SATURDAY, AUGUST 10, 2019

Fourteen days earlier

Elise

DI Elise King was making herself an herbal tea—“Dust and twigs,” her neighbor Ronnie called it—but, according to the box, it was supposed to be calming. Elise wondered how long it took to work.

She’d had only four hours’ sleep and her eyes were gritty. The owners of the holiday home next door had arrived after midnight, conducting a symphony of slamming doors and car boots, cursing London getaway traffic and shouting at their teenage twins and incontinent Labrador. It happened a lot. Ebbing seemed to double in size every Saturday morning and Elise had learned early on that all the sourdough bread would go unless you got to the bakery first thing.

She’d lain there as the great unloading took place—“Why the hell have you brought a food mixer? Move those bloody paddle boards before I trip over them again”—with fists and teeth clenched, devising suitable retribution. Hoovering shared walls at dawn, perhaps? Lighting a barbecue with damp wood? But she didn’t have the energy.

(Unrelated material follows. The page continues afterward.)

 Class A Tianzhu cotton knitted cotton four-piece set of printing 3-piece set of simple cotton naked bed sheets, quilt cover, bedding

And they were always perfectly pleasant in that detached, passing-through way they had when they met Elise on the pavement.

“Hello there! Beautiful day!” they said when they saw her, never using her name.

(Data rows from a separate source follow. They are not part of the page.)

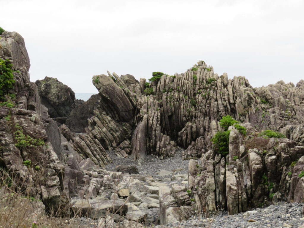 地殻変動や荒波による浸食によってできた岩が多くありました。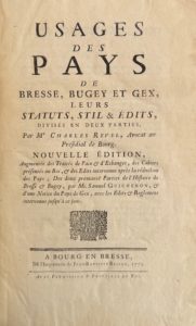 Le coutumier de Charles Revel avait été publié originellement à Mâcon en 1663, puis réédité avec des notes et des additions en 1729. Il est augmenté dans cette édition d'édits et de règlements intervenus jusqu'en 1775, des statuts de Savoie et d'une notice du pays de Gex d'après Philibert Collet, des deux premières parties de l'importante Histoire de Bresse et Bugey de Samuel Guichenon, etc.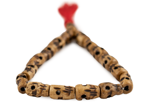 View full detailsGreat bracelet in a unique brown skull design. Made from natural water buffalo bone and finished with a colorful red tassel, each bead has been ind...

She didn’t know if they even knew it—or that she was a senior officer on the Major Crime Team—but she knew theirs. Kevin and Janine Scott-Pennington. She’d looked them up on the computer—on a need-to-know basis.

The only thing they really had in common was a cleaner. “The S-Ps are good clients.” Dee had smiled when Elise had complained about the Friday night arrivals. “They always pay on time. Don’t tell anyone, but I don’t mind weekenders.”

Elise had wondered for a moment if Dee ever discussed her with them. It had made her want to hide all her things. Her mum had laughed when she’d told her but Elise wasn’t used to having anyone in the house. She’d never had a cleaner before. Hadn’t wanted one. Didn’t want a stranger rootling through her underwear drawer or reading her bank statements. But cancer had changed so many things and her surgery had meant no heavy lifting or stretching while she healed. And got back to work. Work. That was what she needed. To be back running a murder investigation, running on adrenaline and cold coffee. Not herbal bloody tea.

But the fighting talk had been silenced when she caught sight of herself in the mirror—sunken eyes and tufts of hair prickling her scalp. She barely recognized herself.

“How am I ever going to be me again?” she’d asked the woman in the reflection.

“Oh, shut up, Elise!” she’d answered. “Just get on with it.”